With mid-morning traffic increasing, Yudelis Ferreira leaves the migrant shelter with her three young children, heading for another day selling popsicles in the harsh heart of the Mexican capital. This has been Ferreira’s life for months, after her family’s plans for a future in the United States fell apart with the arrival of the Donald Trump administration.
Like thousands of other migrants—mostly Latin Americans, but also from Asia and Africa—Ferreira and her children find themselves stranded on the migration route, permanently separated from their goal. “We’re trapped,” said Ferreira, 29, summing up two years of migration since leaving Maracaibo, the sweltering city that sits on the Venezuelan oil lake of the same name. “We have to find a way to generate some income.”

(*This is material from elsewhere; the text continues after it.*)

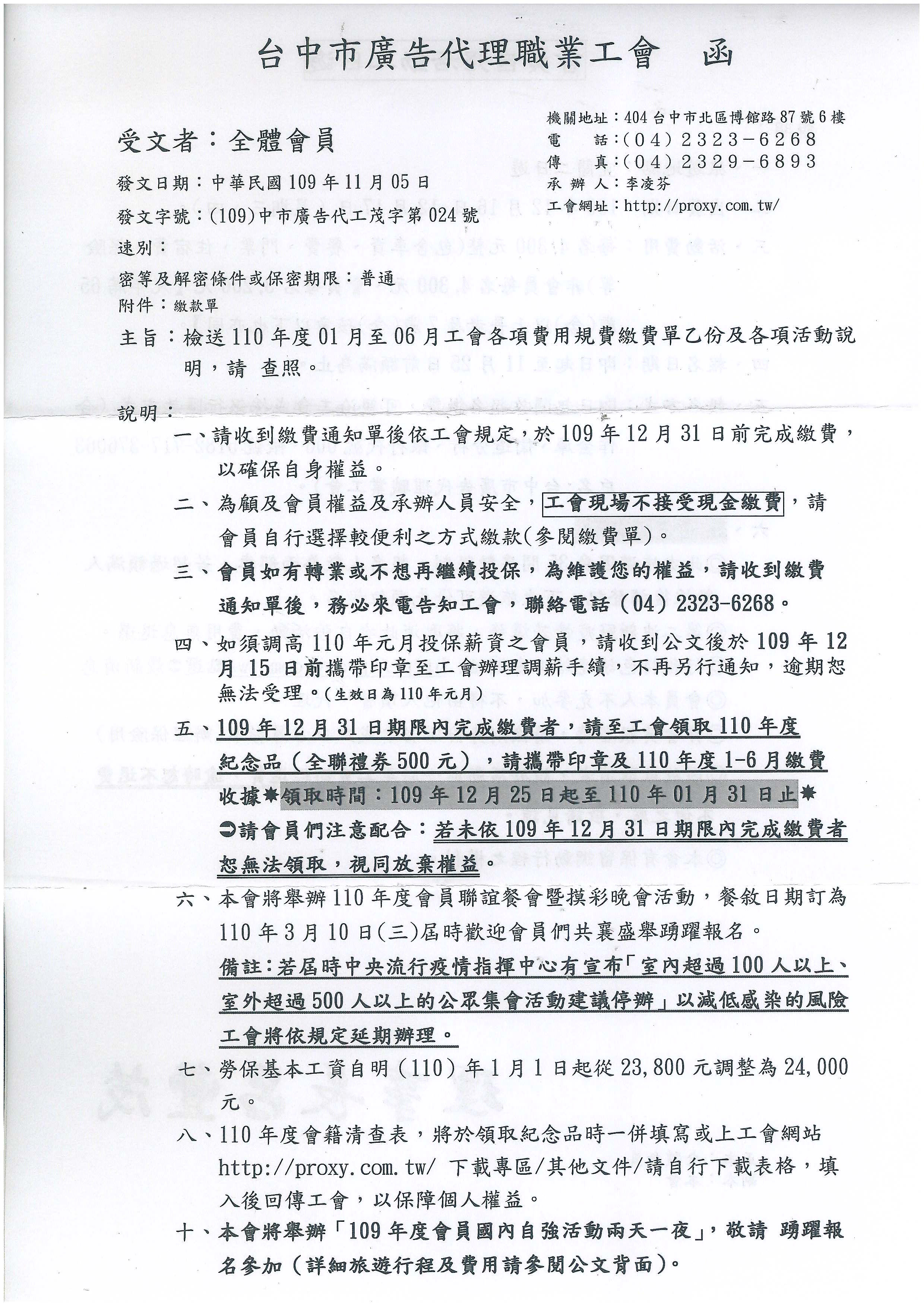110年1-6月各項繳費單及自強活動通知公文已寄出,請會員們詳閱!!

About 5,000 migrants, mostly from Latin America, are currently housed in 16 shelters in Mexico City, or in apartments and private homes in some of the capital’s poorest neighborhoods, according to Emanuel Herrera, director of the Vasco de Quiroga shelter, one of four operated by the city government. Herrera cautioned that the numbers are fluid. The decision to house them in the city is part of a government strategy to discourage migrants from approaching the border and attract them inland, especially to the capital, according to Mexican officials in Ciudad Juárez.

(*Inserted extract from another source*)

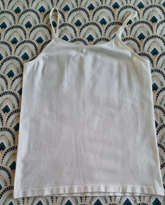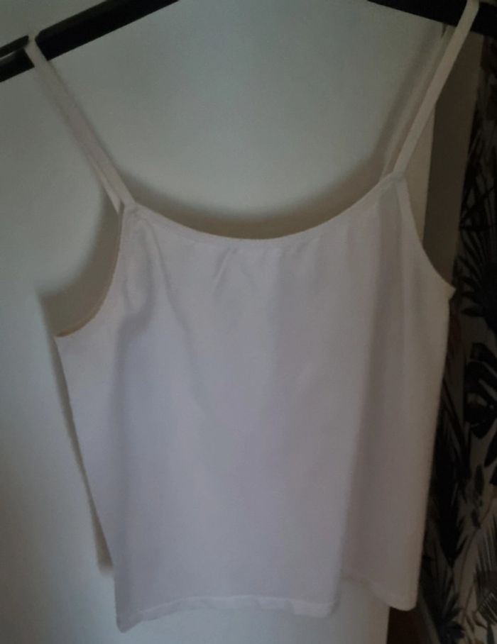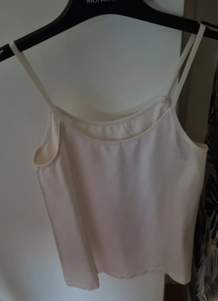 Top court blanc cassé avec bretelles Taille 38 Sans étiquette Matière : elasthanne et viscose

Nayleth, from Caracas, and her children sleep in a migrant camp in Mexico City. Keith Dannemiller (Puente News Collaborative)
The northward migration flow has virtually dried up since then-President Joe Biden tightened regulations in the spring of 2024, and even more so since Donald Trump took office in January.
Crossings through the Darien Gap—the inhospitable jungle separating Panama from Colombia—have almost completely stopped. Data from Panama’s immigration service shows a 98% drop in migrant crossings this year compared to the already low numbers for 2024. Encounters with migrants at the U.S.-Mexico border have also plummeted: 9,300 were recorded in June, down from about 96,000 in December, the last full month of Biden’s term, according to U.S. government statistics.
Like tidal pools, thousands of migrants remain stranded along routes in Central America and Mexico. With young children to feed and clothe, many devise various plans to survive as the weeks pass. They face long delays in finding an affordable way back home or across an increasingly fortified U.S. border. They also struggle to settle in the places where they’ve ended up stranded.
“Trapped” in Mexico City
The Vasco de Quiroga center, where Ferreira’s family is staying, currently houses about 330 people. Most are Venezuelans, but the residents also include Colombians, West Africans, and a handful of men from India, lost along the way. All have been on the migration route for months, even years, many of them stopping to work to continue. Bonds have formed among the migrants. Some mothers have given birth along the way. Some have died. But faith in a new—and perhaps better—American future has kept them going.
Now, those dreams have crumbled. This shelter—and whatever may come next—is proof of that.
“Since Trump returned, there are many people trapped in the city,” said Herrera, the shelter director. “They had a light at the end of the tunnel,” he said of the migrants’ hope of reaching the United States. “But now that light has gone out.”